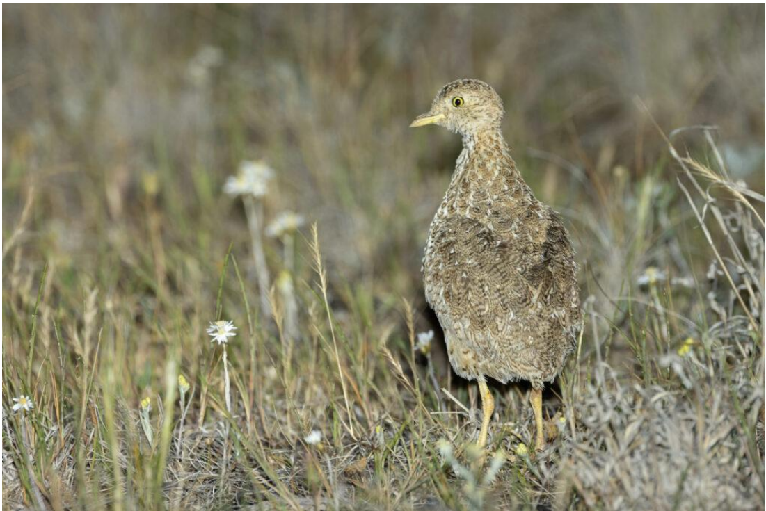
male Plains-wanderer
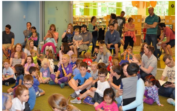
The Puppets On the Wilder Side puppet shows drew big crowds on Summer Reading Kick Off Day.
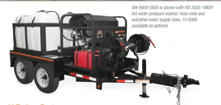
AW-9000-0005 is shown with HS-3505-1MGH hot water pressure washer, hose reels and industrial water supply hose, 15-0006 (available as options)
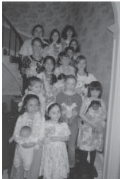
The children and their guests lined up on the circular stairs in the entry of the Community House.
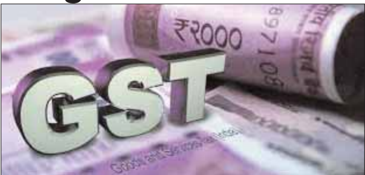
"In view of the same, on the recommendations of the GST Council, it has been decided to extend the due date for filing

(Form GSTR-9) and Reconciliation Statement (Form GSTR-9C) for FY 2018-19. The representations have been made on the grounds that due to the COVID-19 pandemic related lockdown and restrictions, normal business operations have still not been possible in several parts of the country, it said. The statement said it has been requested that the due dates for the same be extended beyond October 31, 2020 to enable the businesses and auditors to comply in this regard.
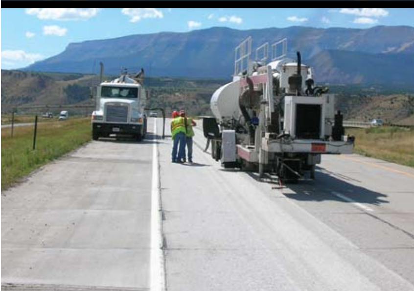
<< Diamond Grinding of I-70 in Colorado

WHILE IT HAS BEEN WIDELY ACCEPTED for years that rough roads lead to diminished safety, higher vehicle operating costs and more expensive road repairs, a recent report sheds light on the true cost. According to a May 2009 report by the American Association of State Highway and Transportation Officials (AASHTO) and The Road Information Project (TRIP) -- a national transportation research organization -- driving on rough roads costs the average American motorist approximately $400 a year in extra vehicle operating costs. Drivers living in urban areas with populations more than 250,000 are paying upwards of $750 more annually because of accelerated vehicle deterioration, increased maintenance, additional fuel consumption, and tire wear caused by poor road conditions.
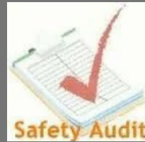
Safety Audits Services
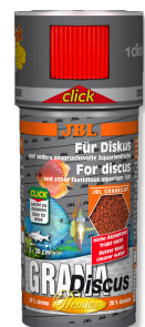
JBL GranaDiscus CLICK Premium main food granulate with doser for discus fish
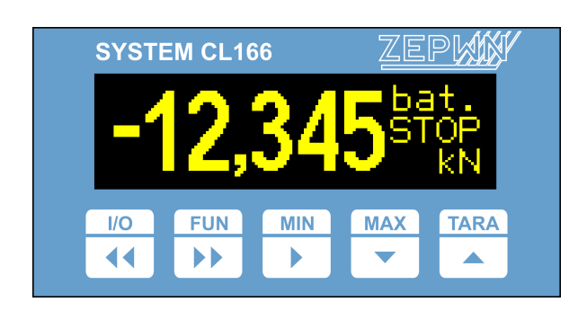
Front pannel of CL166

The meter is also equipped with a real time clock, thanks to which the date and time of its execution are remembered together with the measurement result. The meter has a USB connection that allows you to transfer information to and from a computer. The CL166 is battery operated which, combined with its compact dimensions, makes it a convenient and portable measuring instrument.
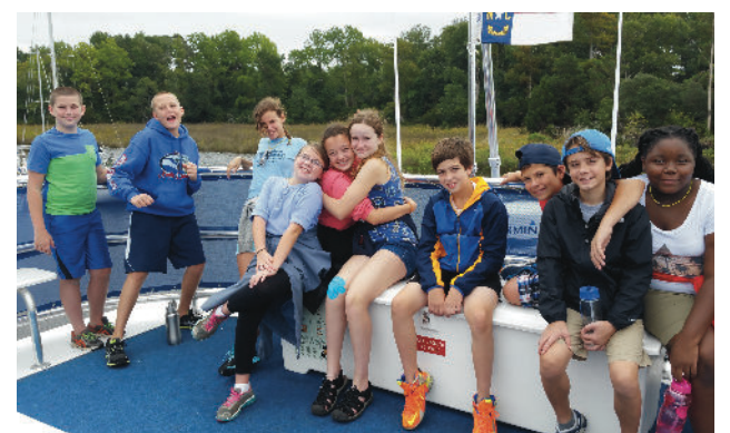
The 6th Grade at Camp Seafarer
···
#### [Work required]
Output exactly the lines of the listing above that start with the one holding "date for filing" and go on through the one holding "Front pannel of CL166"; leave the pictures out.

#### [Answer box]
"In view of the same, on the recommendations of the GST Council, it has been decided to extend the due date for filing

(Form GSTR-9) and Reconciliation Statement (Form GSTR-9C) for FY 2018-19. The representations have been made on the grounds that due to the COVID-19 pandemic related lockdown and restrictions, normal business operations have still not been possible in several parts of the country, it said. The statement said it has been requested that the due dates for the same be extended beyond October 31, 2020 to enable the businesses and auditors to comply in this regard.
<< Diamond Grinding of I-70 in Colorado

WHILE IT HAS BEEN WIDELY ACCEPTED for years that rough roads lead to diminished safety, higher vehicle operating costs and more expensive road repairs, a recent report sheds light on the true cost. According to a May 2009 report by the American Association of State Highway and Transportation Officials (AASHTO) and The Road Information Project (TRIP) -- a national transportation research organization -- driving on rough roads costs the average American motorist approximately $400 a year in extra vehicle operating costs. Drivers living in urban areas with populations more than 250,000 are paying upwards of $750 more annually because of accelerated vehicle deterioration, increased maintenance, additional fuel consumption, and tire wear caused by poor road conditions.
Safety Audits Services
JBL GranaDiscus CLICK Premium main food granulate with doser for discus fish
Front pannel of CL166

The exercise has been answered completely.